* Provided data
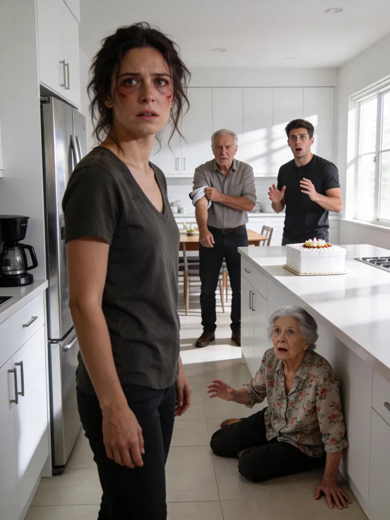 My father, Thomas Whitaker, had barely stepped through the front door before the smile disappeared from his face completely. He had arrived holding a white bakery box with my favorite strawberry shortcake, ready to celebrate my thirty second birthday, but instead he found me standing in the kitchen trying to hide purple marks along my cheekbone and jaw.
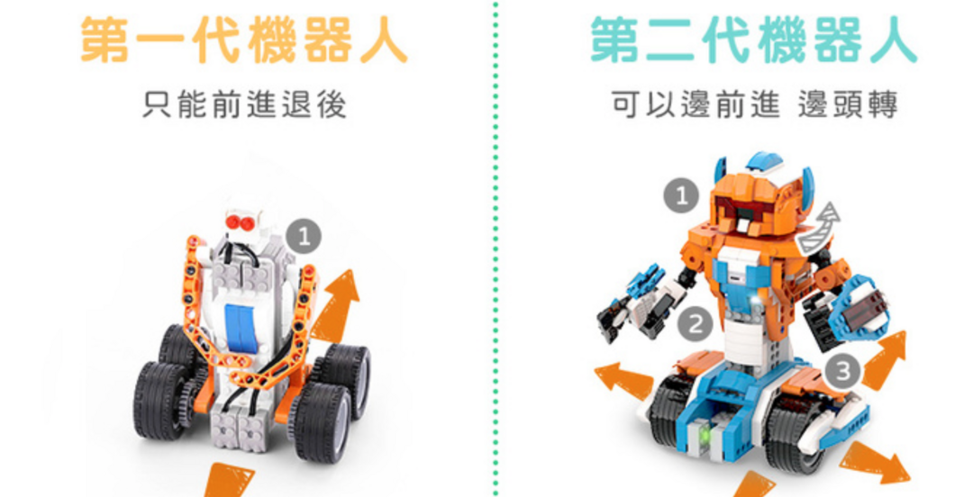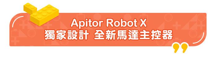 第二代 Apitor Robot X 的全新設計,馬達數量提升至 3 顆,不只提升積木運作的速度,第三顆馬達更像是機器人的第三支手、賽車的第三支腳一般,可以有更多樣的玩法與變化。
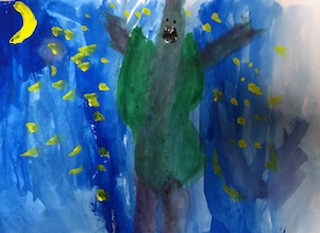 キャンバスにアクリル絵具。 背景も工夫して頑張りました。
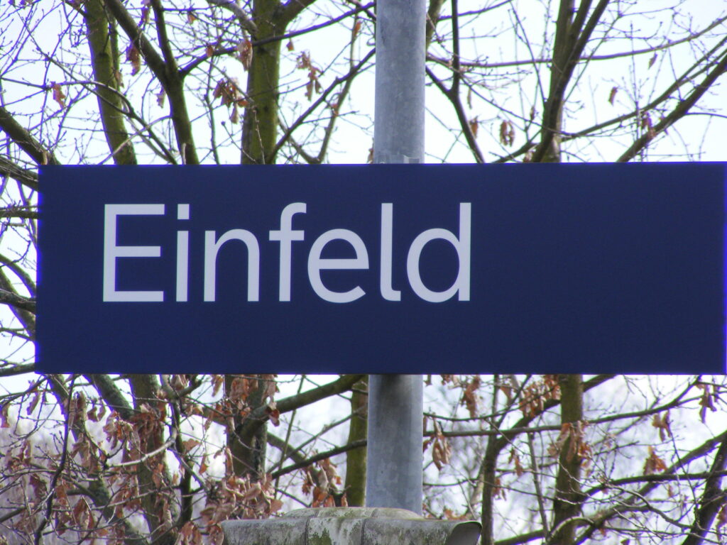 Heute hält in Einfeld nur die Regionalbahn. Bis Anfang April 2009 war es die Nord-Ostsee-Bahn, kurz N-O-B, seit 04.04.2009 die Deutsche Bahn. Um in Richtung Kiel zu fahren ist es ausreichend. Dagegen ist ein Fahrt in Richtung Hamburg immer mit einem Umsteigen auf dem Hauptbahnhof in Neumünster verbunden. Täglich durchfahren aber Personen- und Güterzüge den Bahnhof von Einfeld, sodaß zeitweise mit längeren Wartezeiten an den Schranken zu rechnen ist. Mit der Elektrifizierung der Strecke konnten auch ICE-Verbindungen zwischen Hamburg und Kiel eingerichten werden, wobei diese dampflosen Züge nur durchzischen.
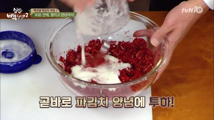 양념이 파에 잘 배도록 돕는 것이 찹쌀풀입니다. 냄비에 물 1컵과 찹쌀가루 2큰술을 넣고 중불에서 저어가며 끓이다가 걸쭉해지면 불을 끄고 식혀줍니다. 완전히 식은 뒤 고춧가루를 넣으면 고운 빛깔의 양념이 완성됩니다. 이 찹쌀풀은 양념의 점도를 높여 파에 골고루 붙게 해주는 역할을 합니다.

* Task item
A verbatim copy of the data, with all pictures omitted, is the required output.

* Output of the task
 My father, Thomas Whitaker, had barely stepped through the front door before the smile disappeared from his face completely. He had arrived holding a white bakery box with my favorite strawberry shortcake, ready to celebrate my thirty second birthday, but instead he found me standing in the kitchen trying to hide purple marks along my cheekbone and jaw.
 第二代 Apitor Robot X 的全新設計,馬達數量提升至 3 顆,不只提升積木運作的速度,第三顆馬達更像是機器人的第三支手、賽車的第三支腳一般,可以有更多樣的玩法與變化。
 キャンバスにアクリル絵具。 背景も工夫して頑張りました。
 Heute hält in Einfeld nur die Regionalbahn. Bis Anfang April 2009 war es die Nord-Ostsee-Bahn, kurz N-O-B, seit 04.04.2009 die Deutsche Bahn. Um in Richtung Kiel zu fahren ist es ausreichend. Dagegen ist ein Fahrt in Richtung Hamburg immer mit einem Umsteigen auf dem Hauptbahnhof in Neumünster verbunden. Täglich durchfahren aber Personen- und Güterzüge den Bahnhof von Einfeld, sodaß zeitweise mit längeren Wartezeiten an den Schranken zu rechnen ist. Mit der Elektrifizierung der Strecke konnten auch ICE-Verbindungen zwischen Hamburg und Kiel eingerichten werden, wobei diese dampflosen Züge nur durchzischen.
 양념이 파에 잘 배도록 돕는 것이 찹쌀풀입니다. 냄비에 물 1컵과 찹쌀가루 2큰술을 넣고 중불에서 저어가며 끓이다가 걸쭉해지면 불을 끄고 식혀줍니다. 완전히 식은 뒤 고춧가루를 넣으면 고운 빛깔의 양념이 완성됩니다. 이 찹쌀풀은 양념의 점도를 높여 파에 골고루 붙게 해주는 역할을 합니다.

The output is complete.